Generalized anxiety disorder (GAD) is characterized by persistent and excessive worry about a variety of things. It is diagnosed when a person finds it difficult to control these worries on more days than not for at least 6 months and has three or more symptoms (see below). These worries interfere with daily life, relationships, school, work or social interactions.


Individuals with GAD often realize that the anxiety they are experiencing is more extreme than whatever the situation or event requires, but struggle to stop the worry and feel that it is beyond their control to do so.



The signs and symptoms vary and may also fluctuate over time based on internal or external stressors, such as illness, family/relationship conflict and work or school pressure.

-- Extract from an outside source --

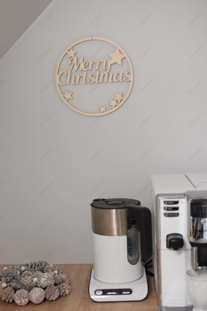 We present a fairly large, round, wooden wreath, in the middle of which the inscription "Merry Christmas" is displayed, surrounded by stars of various sizes. The decoration is made of birch plywood and will fit in practically any room in the house! If the decoration is too raw or natural for you, you can confidently try your hand at decorating such a wreath!

Some of the symptoms include: [1][2]

  • Feeling restless and/or wired

  • Easily fatigued

  • Irritability

  • Muscle tension (including headaches, body aches, unexplained pain)

  • Difficulty controlling worrying thoughts

  • Difficulty concentrating

  • Sleep troubles (falling asleep, restlessness, unsatisfying sleep)

  • Stomach aches and trouble

  • Startle easily

  • Are aware that they worry “too much”

  • Frequent trips to the bathroom

  • Tremble or twitch

  • Increased heart rate

  • Sense of impending doom/danger

  • Difficulty swallowing


There are a number of risk factors for developing GAD, including both genetic and environmental factors. The disorder can develop gradually and show up at any point throughout life. Family background and exposure to stressful events early in childhood, a history of anxiety or other mental illnesses in relatives or even physical health conditions can all play a role in the development of GAD. [1]


There are a variety of treatments that can help with GAD. Therapy that uses a cognitive behavioural approach, mindfulness based approaches and Acceptance Commitment Therapy may help individuals to address their symptoms in a more positive way.



Physical exercise is also a powerful tool in reducing symptoms of GAD as it decreases muscle tension, boosts anti-anxiety neurochemicals (serotonin, GABA, endocannabinoids) and so much more. [3] Other forms of mindful-based movement like yoga, meditation or breathing exercises can also be useful at down-regulating the nervous system, improving sleep, decreasing stress reactivity, and increasing resilience; thereby reducing and improving anxiety symptoms in those with GAD [4].


In addition, it could be helpful to remove or reduce certain foods or beverages, such as coffee, alcohol, soda, and/or caffeinated tea which can trigger anxiety.


Products such as supplements and aromatherapy have their place too. They can help get you through difficult times while you take care of these important lifestyle factors.